→ **Recorded data**:
========================
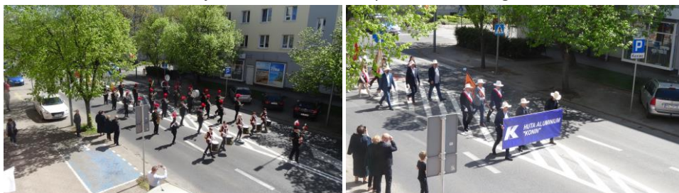
O godzinie 12.00 w Morzysławiu rozpoczął się przemarsz górniczych orkiestr dętych z Konina, Bełchatowa, Turowa, kopalni soli z Kłodawy i Inowrocławia. Uczestnicy przemarszu zatrzymali się przy głazie narzutowym, który stanął w Morzysławiu w 1995 r., w 50. rocznicę powstania kopalni.

Tego dnia odbywały ostatnio pochody pierwszomajowe, w których brały zazwyczaj środowiska lewicowe. W tym roku organizatorzy przystali na propozycję Stowarzyszenia Tradycji Zakładu Badawczo-Rozwojowego POLMOS Konin. Inicjatywę wsparły stowarzyszenia górnicze, „Przegląd Koniński”, instytucje, a swoim patronatem honorowym objęli Prezydent Miasta Konina oraz Starosta Koniński, a także wójtowie i burmistrzowie z powiatu konińskiego.
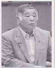
池田 徹 三 起 会
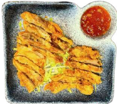
S39 Anatra fritto
========================
→ **Description of the task**: All of the material above should be copied exactly, minus the pictures.

→ **Task answer**:
O godzinie 12.00 w Morzysławiu rozpoczął się przemarsz górniczych orkiestr dętych z Konina, Bełchatowa, Turowa, kopalni soli z Kłodawy i Inowrocławia. Uczestnicy przemarszu zatrzymali się przy głazie narzutowym, który stanął w Morzysławiu w 1995 r., w 50. rocznicę powstania kopalni.

Tego dnia odbywały ostatnio pochody pierwszomajowe, w których brały zazwyczaj środowiska lewicowe. W tym roku organizatorzy przystali na propozycję Stowarzyszenia Tradycji Zakładu Badawczo-Rozwojowego POLMOS Konin. Inicjatywę wsparły stowarzyszenia górnicze, „Przegląd Koniński”, instytucje, a swoim patronatem honorowym objęli Prezydent Miasta Konina oraz Starosta Koniński, a także wójtowie i burmistrzowie z powiatu konińskiego.
池田 徹 三 起 会
S39 Anatra fritto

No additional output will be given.